To make this algorithm work as needed (i.e. in the face of process aborts and an unknown total number of processes) the following changes can be made:
Just like Y above, the booleans ai, wi, and si will be replaced with timestamps. Except, this time the timeouts need to be short enough to still allow the critical section to be entered as often as needed, in my case every few seconds, so a timeout of 5s might work. At the same time, the timeout needs to be long enough so that it never expires unless a process dies, i.e. it needs to be longer than the worst-case time it takes processes to keep updating the timestamps for flags that need to remain set.
The loops over processes (e.g. for(j=0;j<n;j++)

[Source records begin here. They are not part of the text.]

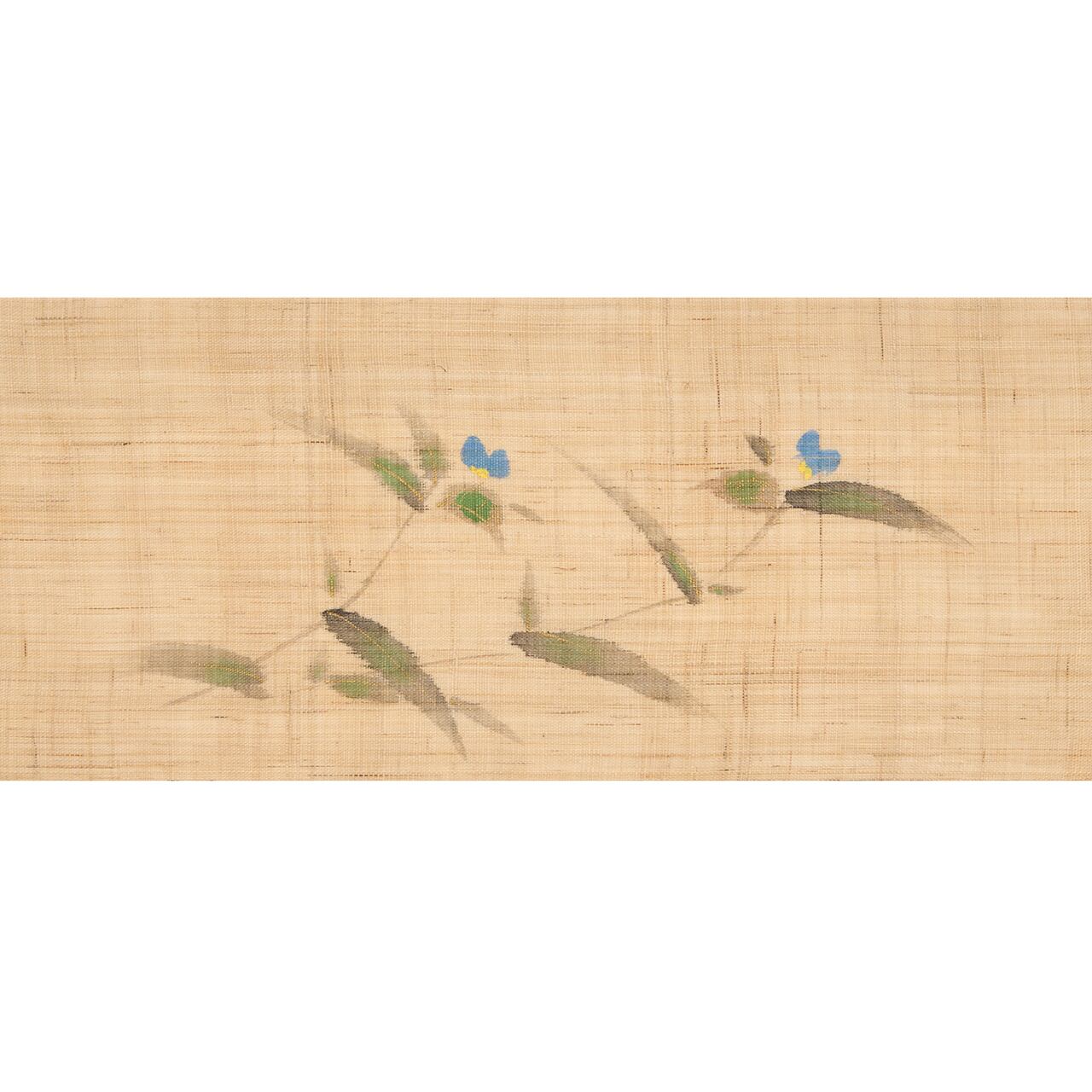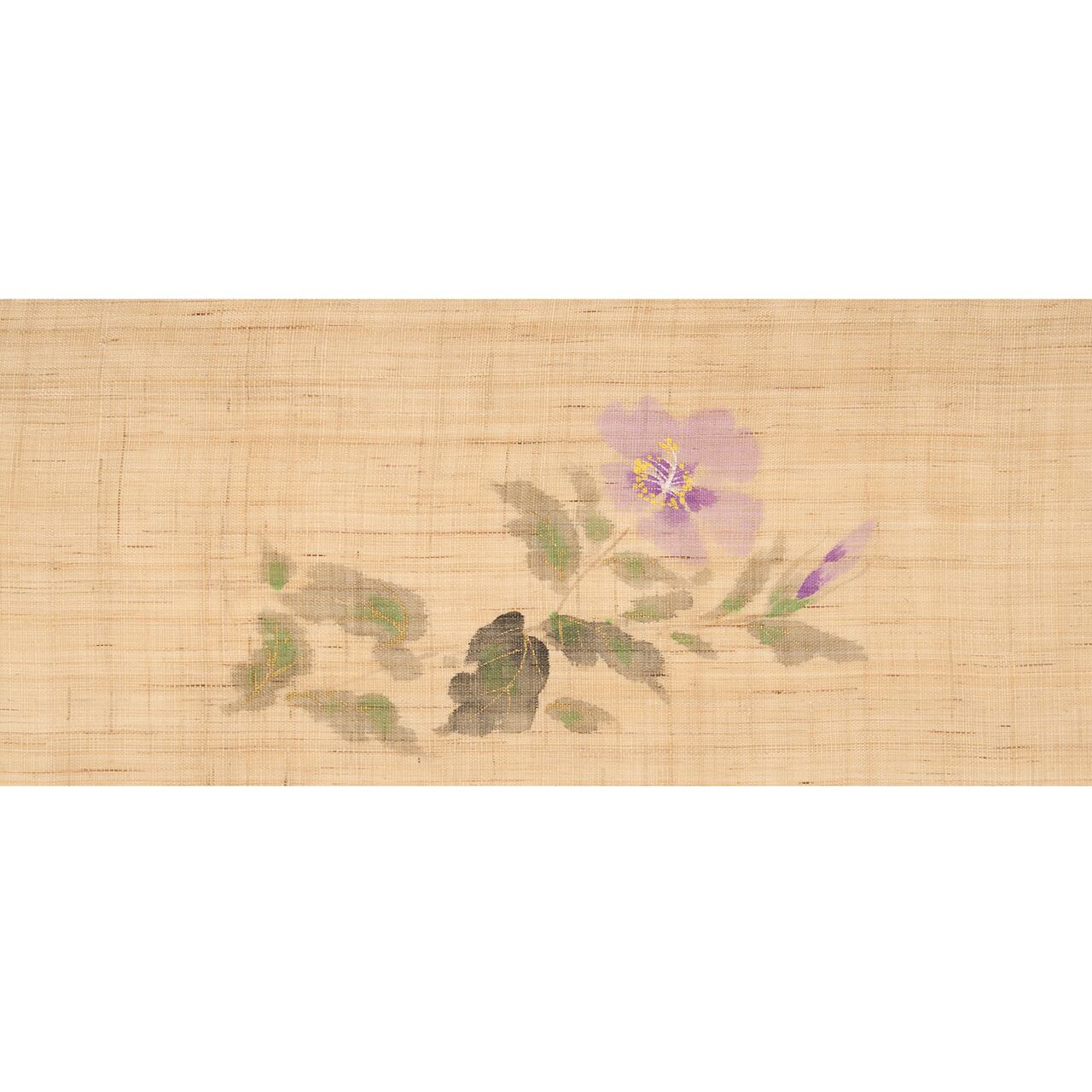 桐山紫香 芙蓉とツユクサの花 手描麻夏名古屋帯【未着用品】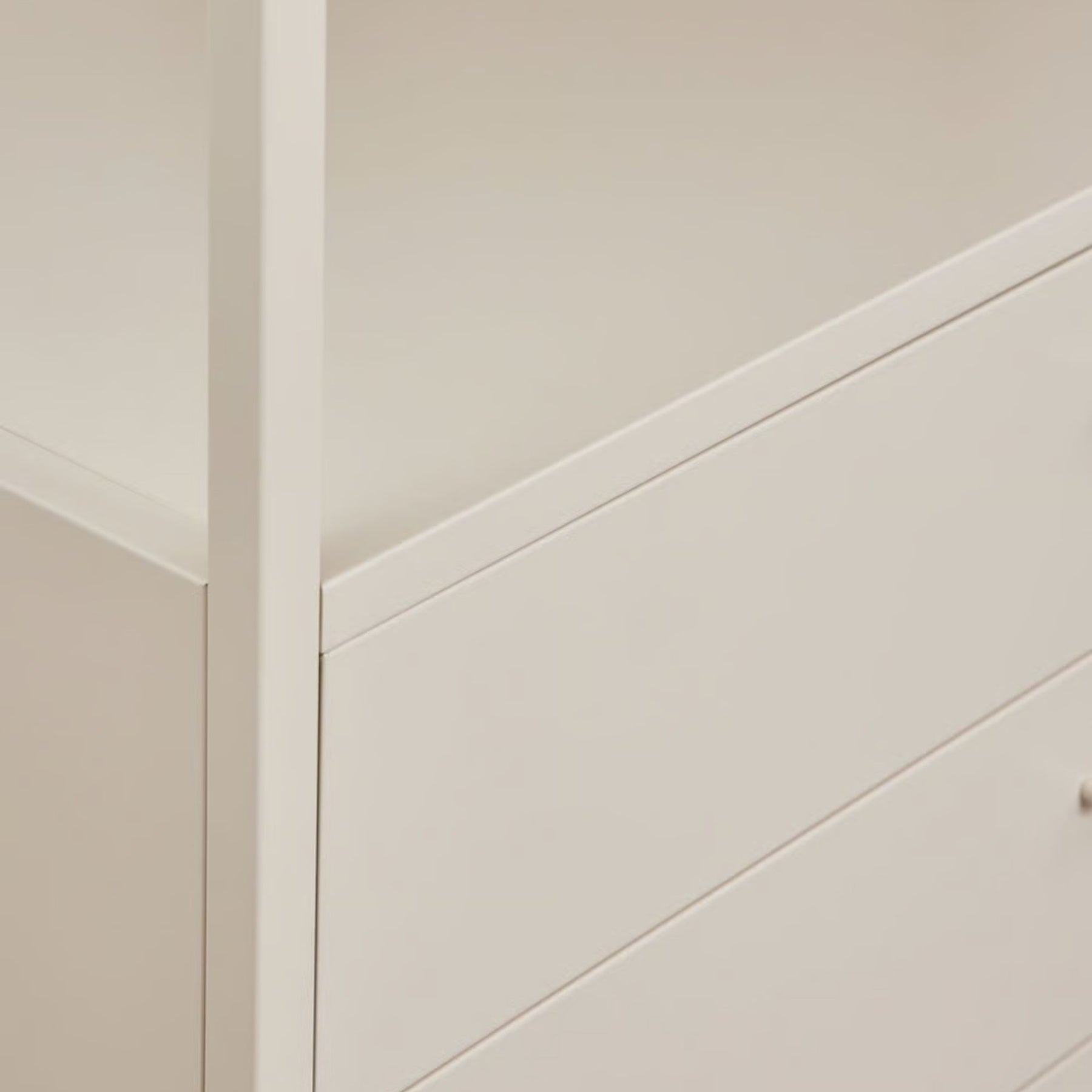 Votre armoire modulaire ouverte SKLUM Janine 2 pièces avec portant et tiroirs beige est vendue avec une livraison incluse au pied de l’immeuble, sur prise de rendez-vous.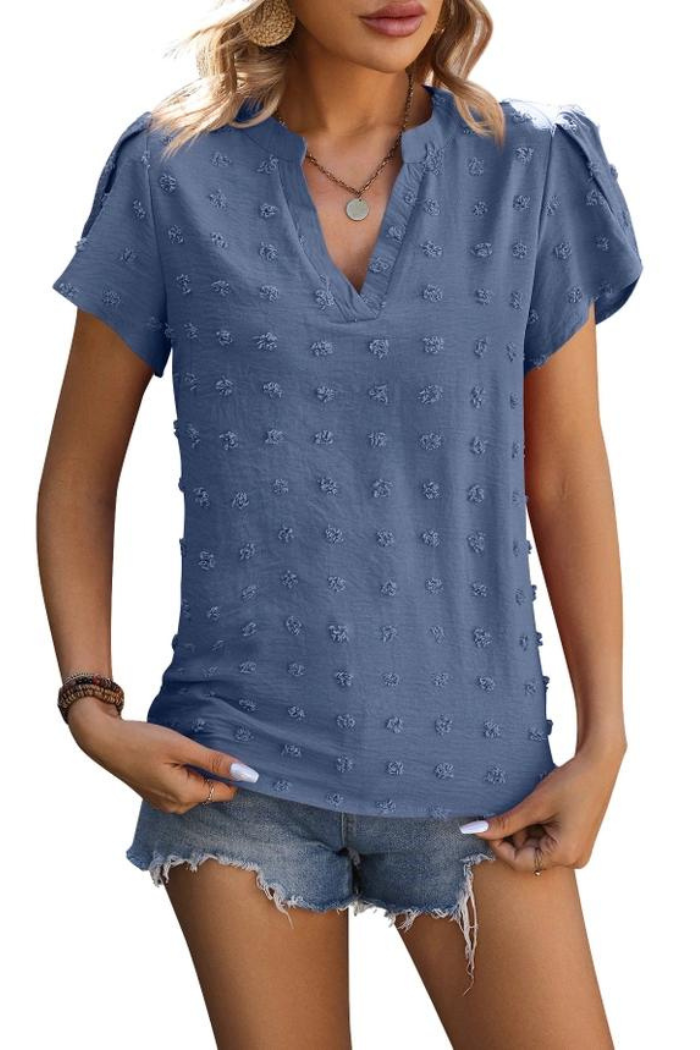 V-Neck Chiffon Swiss Dot Top with Petal Sleeves Shirt

) will be turned into traversals of the process-ID grid from above in the order of the box-numbers. Each box can have 3 states: Never visited by anyone, a process has stopped in it, or all processes moved on and the box is currently blocked. No distinction needs to be made between the latter two, since a blocked box will simply correspond to a process that is currently not trying to enter the critical section (i.e. ai, wi, and si are false/expired). The loop starts in box 0. If it comes across a box that has been visited (i.e. has its X-value set), it adds the adjacent boxes to its "to-check-list" (i.e. if box 8 was seen, box 12 and 13 will be added to the list). The loop terminates when the "to-check-list" has been processed completely (unless, of course, there is another stopping condition present that fires first (e.g. j < i
or & !aj
)).
Now to my questions:
- Does this look like it would work reliably?
I've never done a formal proof of a framework like this. My gut (and intense pondering) tell me that it should be solid, but I wouldn't mind something a bit more rigorous than that. I'm most worried about the effects of a process dying between p3 and e1 of Szymanski's algorithm and the flags expiring randomly while other processes are in that part of the code. - Is there a better solution (simpler/less resource use)?
One point of attack for an optimization might be the fact that I don't need all processes to eventually make it to the critical section, I just need one (and I don't care which one either).
Sorry for the length of this post and thank you for your endurance reading it! Suggestions for shortening welcome... :)
PS: I also posted this question on the CS stack exchange.